Biggest problem I see here is that you're asking how to fix code using PDO, but you're showing us code that doesn't use PDO.

Your question is unclear.
Please provide more information, and be as specific as possible.
What do you want to accomplish? What have you already tried? What problems did you encounter?
Please be sure that you have included all relevant code and/or a link to the page in question.
You might also consider making a reduced test case (http://css-tricks.com/reduced-test-cases/).

i m trying to make it clear to you. i.e a couple of days ago i wrote a forum content at javascript How do i process the list and option field form element in CRUD with jQuery and PHP. Their accomplished a CRUD operation using PDO.


What do you want to accomplish?
i want to use that code with this form language_new1.php which is using a session.

What have you already tried?
Now i m trying to use that code with a form which is using a session. i examined that when i use session at the begining of that code then insertion doesn't happend. like in this code. where session is used at first.

What problems did you encounter?
insertion is not happening. as well as edit and delete also not occuring.
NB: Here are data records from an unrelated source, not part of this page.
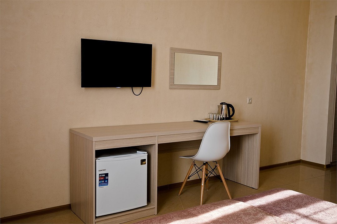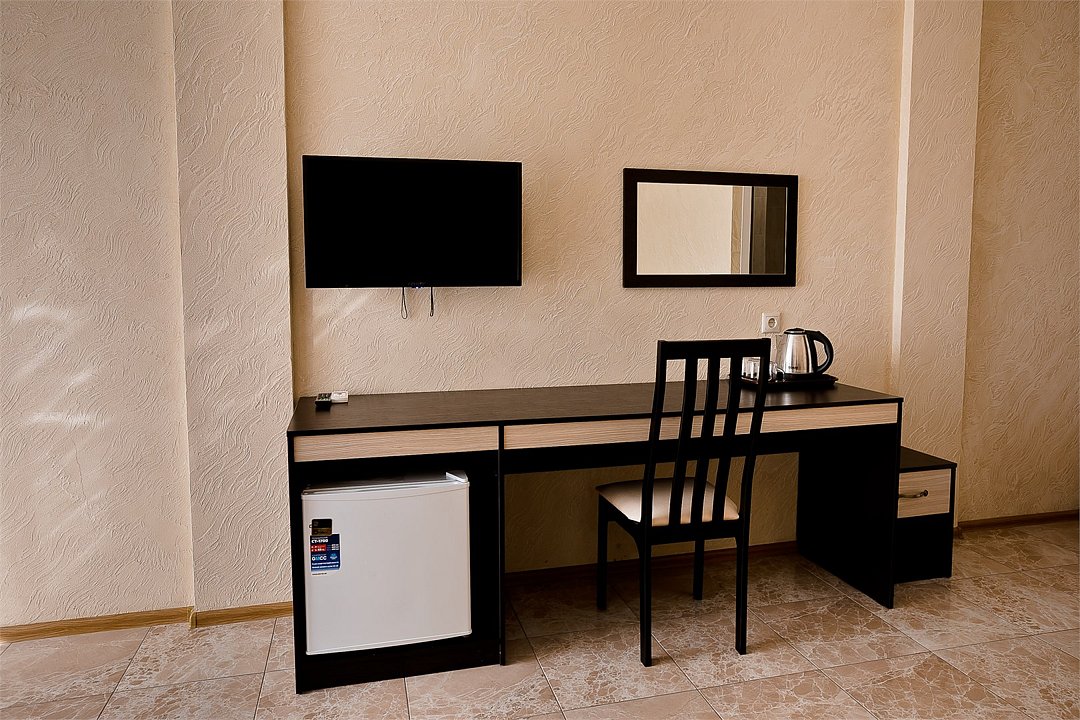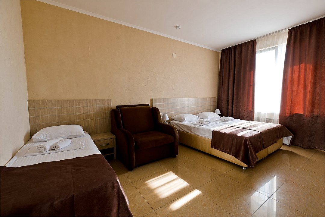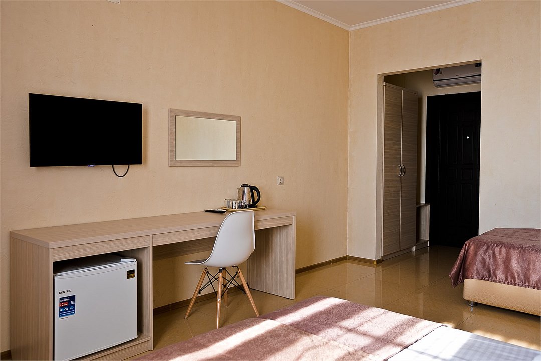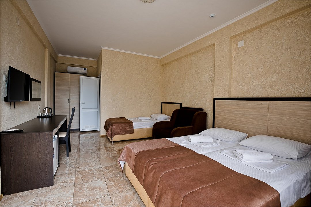 Wi-Fi, кондиционер, светильник, фен, ортопедический матрас, тумбы, шкаф для одежды, вешалки, чайник, унитаз, раковина, отопление, душ, плиточное покрытие, три односпальные кровати, вид во двор, стаканы, стул, туалетные средства, сушилка для белья, телевизор с плоским экраном, мини-холодильник, москитная сетка, номер для некурящих, вид на бассейн, рабочий стол, кресло-кровать, услуги прачечной (платно), мыло, затемняющая штораВ гостиничном номере
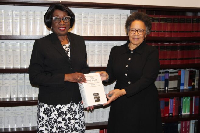 The shipment of books arrived at an especially opportune time, as the Judicial Education Institute of the Senior Courts is currently conducting a seminar on Sentencing Guidelines, Judgment Writing, and Evidence, aimed at enhancing the expertise of judges and magistrates through continued education.
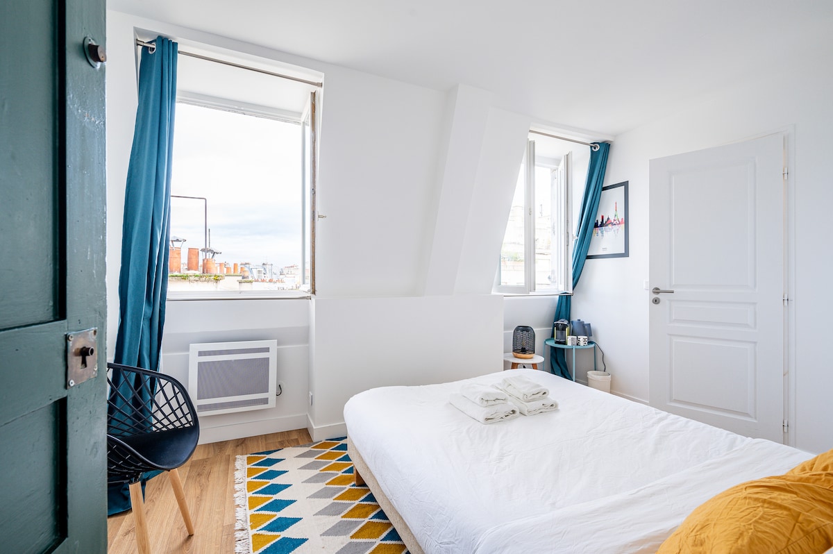 This isn’t for the faint hearted. To reach this cocoon of comfort, you’ll need to climb 6 floors using the back staircase, damaged by time, reminiscence of the time of Moulin Rouge… you’ll feel like Christian and Satine… Up there, under the roof of a beautiful Haussmann building, you’ll find a calm space, fully renovated/equipped, bathed in sunlight. You’ll be sleeping on the mezzanine, under the stars, the Eiffel Tower’s light as your lighthouse, reminding u that you’re in Paris, city of love…
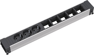 CONFERENCE power strip ALU L: 444mm 3xSchuko black; 5xframe; GST18 power in- and output;
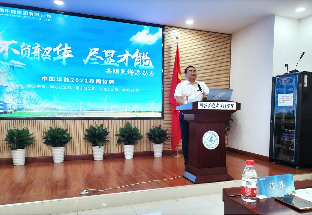 9月28日上午,中国华能集团有限公司(以下简称中国华能)2022届毕业生香港六宝合典资料大全专场校园招聘宣讲会在云塘校区新能源大楼二栋502举行。香港六宝合典资料大全招生就业处副处长李娜、能源与动力工程学院党委书记成华、院长陈荐、经济与管理学院党委书记丁丹及各学院学生工作负责人、关工委副主任、负责就业工作老师,中国华能南方分公司副总工兼人资部主任胡任亚、中国华能湖南分公司副总工兼人资部主任石东江及中国华能各分公司招聘代表33人,200多名毕业生参加。会议由中国华能湖南清能公司综合部主任李海星主持。
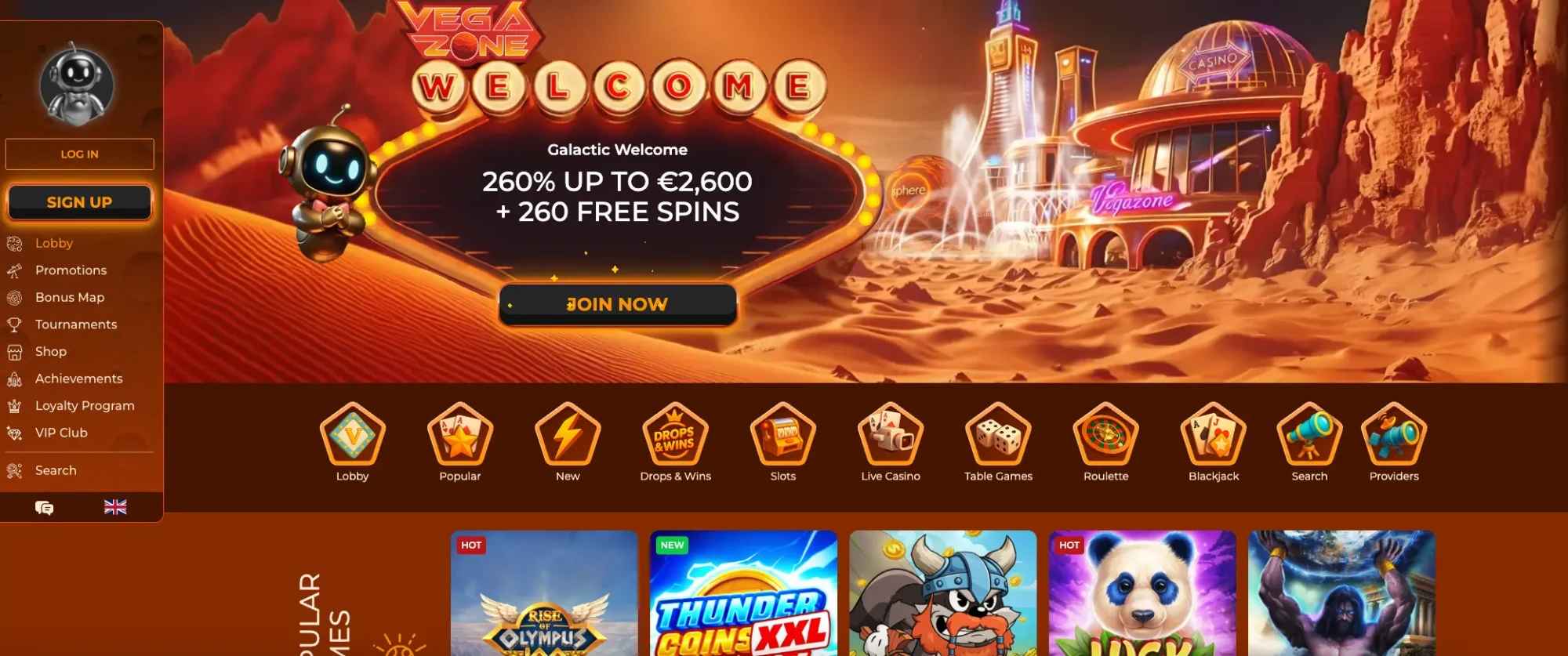VegaZone Casino piedāvā 2600 eiro un 260 bezmaksas griezienus jaunajiem spēlētājiem! Reģistrējies platformā, veic pirmo iemaksu un saņem iespaidīgu bonusu komplektu.
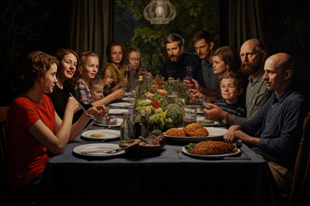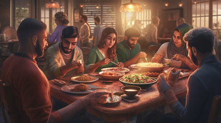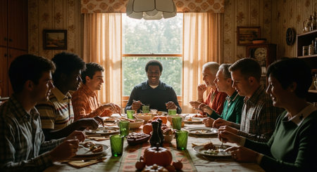 A cozy family dinner scene with warm lighting, featuring plates of food on table and people enjoying meal together
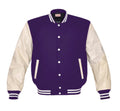 Men Purple Wool & Cream Real Leather Varsity Jacket
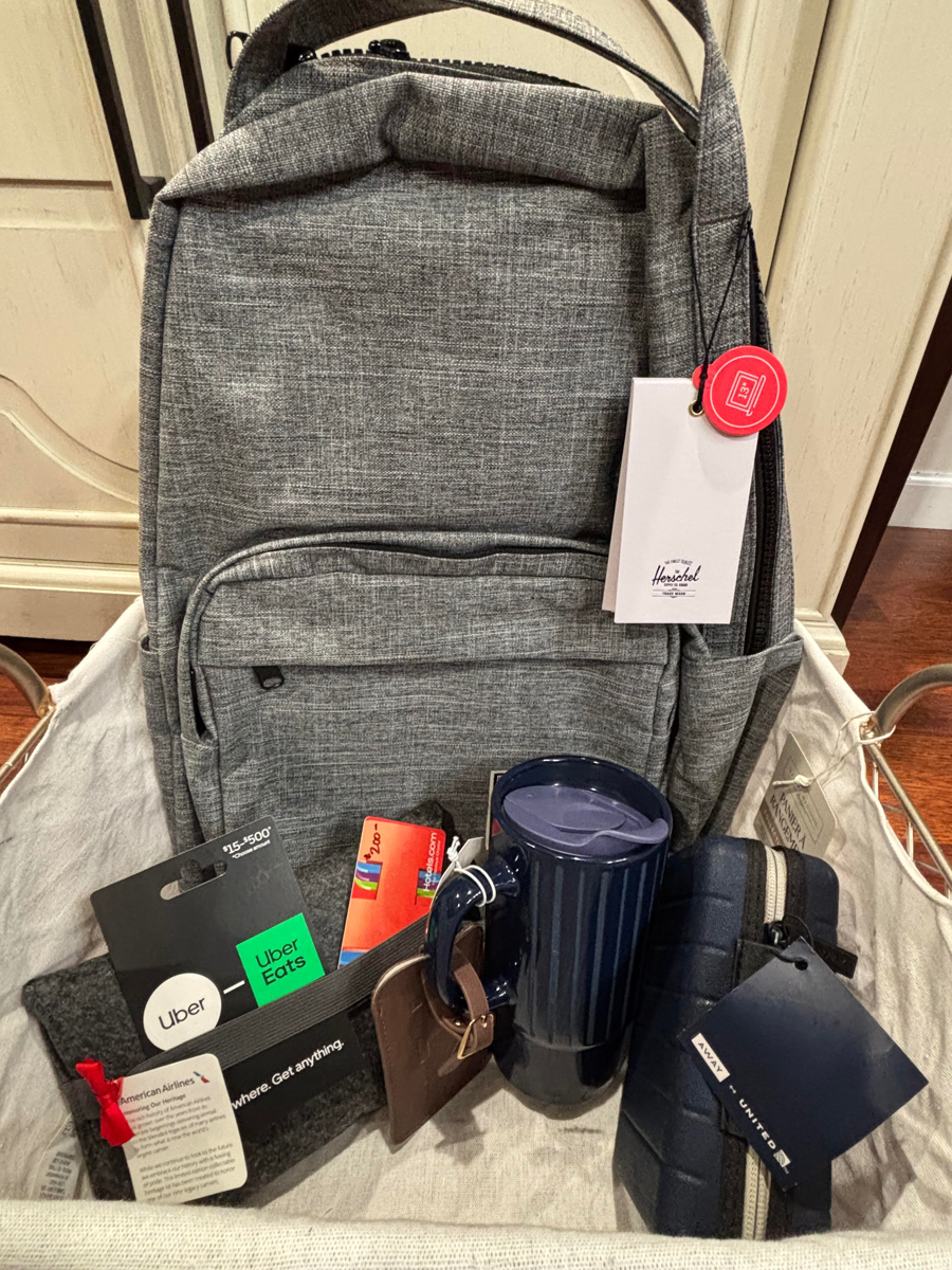 Herschel Travel backpack, $200 Hotels.com Gift Card, $100 Uber eats Gift Card, United Airlines first class amenity kit.

my sample codes are as folows:

queryfunctions.php

<?php
//session_start();
require_once("config.php");
error_reporting(E_ALL | E_STRICT);


function db_connect($HOST,$USER,$PASS,$DB)
{
$conn = mysql_connect($HOST, $USER, $PASS);
mysql_select_db($DB);
return $conn;
}

//close a connection
function db_close($conn)
{
mysql_close($conn);
}

function query($strsql,$conn)
{
$rs = mysql_query($strsql,$conn);
return $rs;
}

function num_rows($rs)
{
return @mysql_num_rows($rs);
}

function fetch_array($rs)
{
return mysql_fetch_array($rs);
}

function fetch_object($rs)
{
return mysql_fetch_object($rs);
}

function free_result($rs)
{
@mysql_free_result($rs);
}

function data_seek($rs,$cnt)
{
@mysql_data_seek($rs, $cnt);
}

function error()
{
return mysql_error();
}
?>
<?php
define("HOST", "hostname");
define("USER", "username");
define("PASS", "");
define("DB", "databasename");
/* define("smptserver",'smtpserver');
define("supportemail",'emailadress');
define("bcc",'emailaddress');
*/?>

so, no changes to the records in your database. Is there an error? Are your SQL statements being sent? Is your form submission being processed successfully? Is your form submission being submitted successfully?

When you say no data is being "inserted," are you talking about when you use this function to submit the form?
// CREATE FORM IS SUBMITTED
$(document).on('submit', '#addLanguageForm', function() {

// show a loader img
$('#loaderImage').show();

// post the data from the form
$.post("create_lang.php", $(this).serialize())
.done(function(data) {
// 'data' is the text returned, you can do any conditions based on that
showUsers();
});

return false;
});

In your .done() method, you can use the server's response to your form submission to debug: just add lots of messages about what the script is doing, and then echo them. It will come back to your script through the AJAX response.

// CREATE FORM IS SUBMITTED
$(document).on('submit', '#addLanguageForm', function() {

// show a loader img
$('#loaderImage').show();

// post the data from the form
$.post("create_lang.php", $(this).serialize())
.done(function(data) {

// change your PHP script to echo/print your debugging info
// (e.g., "parsed SQL statement: $sql"
// or "mysqli->query returned TRUE").
// error messages should come back in the response as well.
console.log( data );
// chrome has the console.log method; I don't know what other browsers support.
// you could even use alert(), if you want.

// 'data' is the text returned, you can do any conditions based on that
showUsers();
});

return false;
});

Hello,

In your .done() method, you can use the server's response to your form submission to debug
yes i added that but didn't got any message. https://gist.github.com/megha3000/e9f6f98a5e7a57a08491
have a look at this

Right after you start your session, print "something" - that will let you know if you're even getting to the page:
<?php
//include database connection
session_start();

print "hello";

//include_once('includes/queryfunctions.php');
include 'libs/db_connect.php';

/* snip */

You could add a fail method in your js, too:
// CREATE FORM IS SUBMITTED
$(document).on('submit', '#addLanguageForm', function() {

// show a loader img
$('#loaderImage').show();

// post the data from the form
$.post("create_lang.php", $(this).serialize())
.done(function(data) {
// 'data' is the text returned, you can do any conditions based on that
showUsers();
})
.fail(function(jqXHR, textStatus, errorThrown) {
alert( errorThrown );
});

return false;
});

Right after you start your session, print "something" - that will let you know if you're even getting to the page:
Tried as you stated but fails to print.

You could add a fail method in your js, too:
That also doesn't show anything.